A new constitution signed on 9 July by President Al Bashir and the new vice-president, John Garang, the head of the southern Sudan People's Liberation Movement (SPLM), is less restrictive than the previous one and does not subordinate press freedom to the imperatives of public order, security or morals.
The National Security Organ also confirmed the lifting of censorship on 10 July, saying the news media "must play their national role without there being any need to restrict them." The next day, the Al Ayam and Juba Post newspapers had enthusiastic front pages predicting a new era for the Sudanese press.
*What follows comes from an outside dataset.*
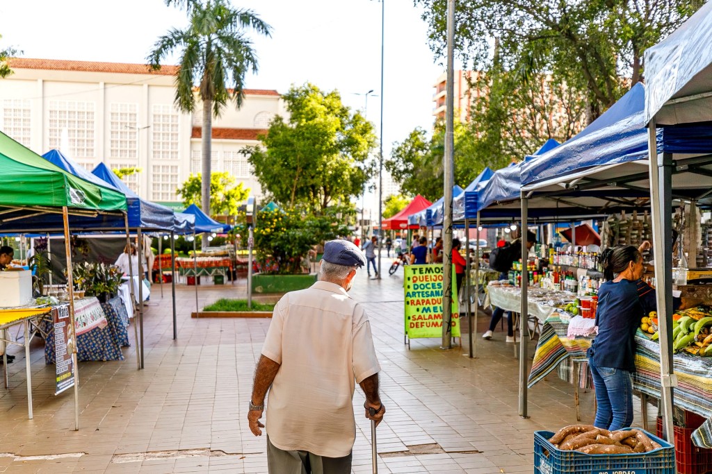 A imagem mostra um ambiente de feira na Praça Alencastro, com barracas expondo diversos produtos comercializados no local.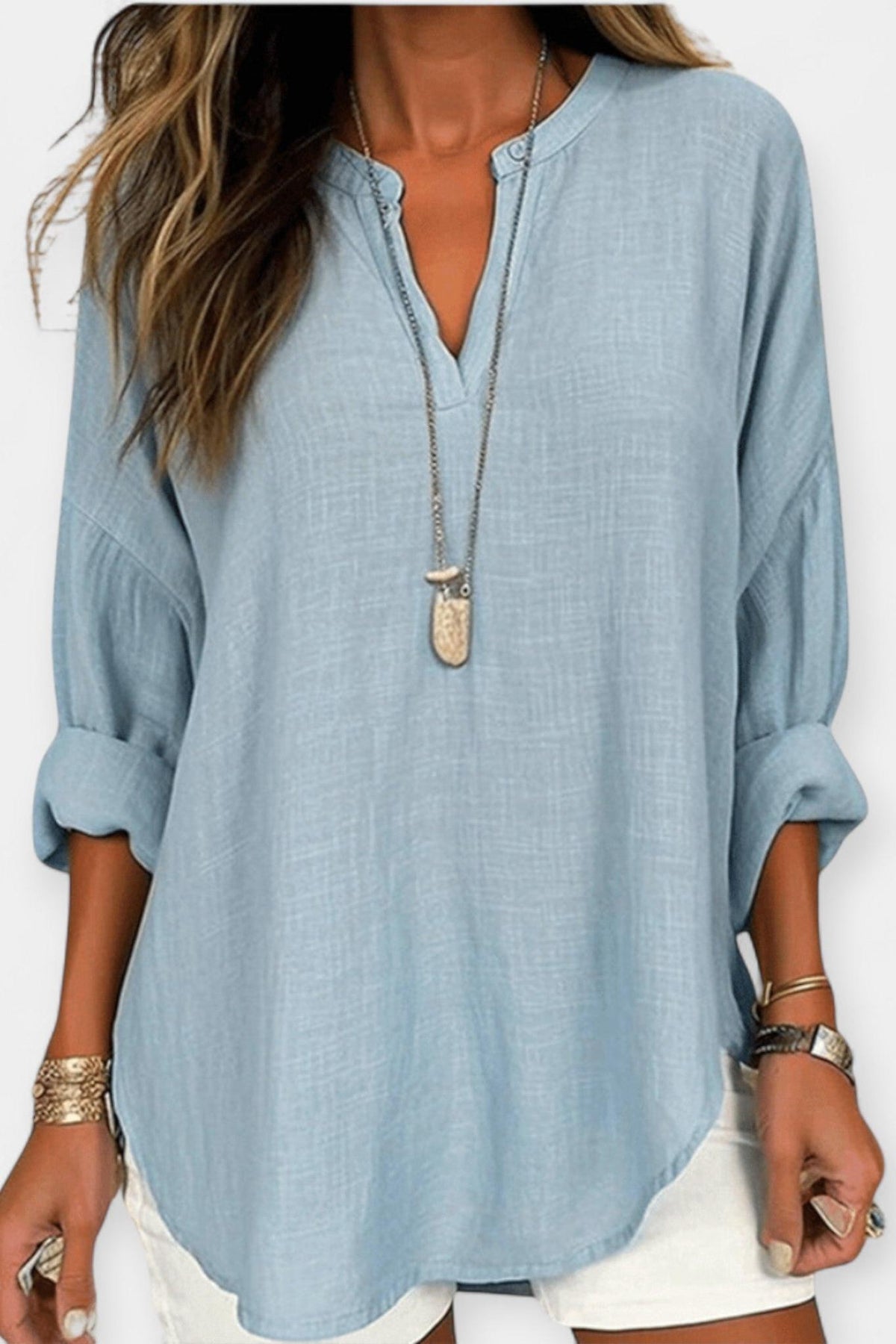 Emma | Let bomuldsskjorte fremkalder en ufravigelig følelse af let luksus gennem tidløs enkelhed og håndværksmæssig omtanke. Den åndbare bomuld holder kroppen kølig hele dagen, fra strandture til hverdags små eventyr, mens den afslappede silhuet smigrer kropslinjerne uden at gå på kompromis med stil. Den klassiske runde hals og de lange ærmer bidrager til et sofistikeret, tidsløst look, der nemt kan klæde op eller ned. Emma passer naturligt ind i enhver garderobe og bærer en autentisk fornemmelse af kvalitet og lang levetid. Den enkle konstruktion står som et tydeligt tegn på materialernes styrke og håndværkets omhu, hvilket gør Emma til en ægte investering i holdbar elegance.

But many journalists are sceptical. The English-language Khartoum Monitor, an independent newspaper that was widely read in the former rebel south until banned by a high court judge on 12 June, has still not been able to reopen. The banning was the result of an interview it published in 2003 in which a former government minister, Santino Deng, who is now dead, accused the government of practising forms of slavery.
In the presence of several African presidents, European and American officials and of UN secretary-general Kofi Annan, President Al Bashir said on 11 July he was committed to the democratisation of Sudan, to the rule of law and to freedom, and that these would no longer be curtailed by emergency laws.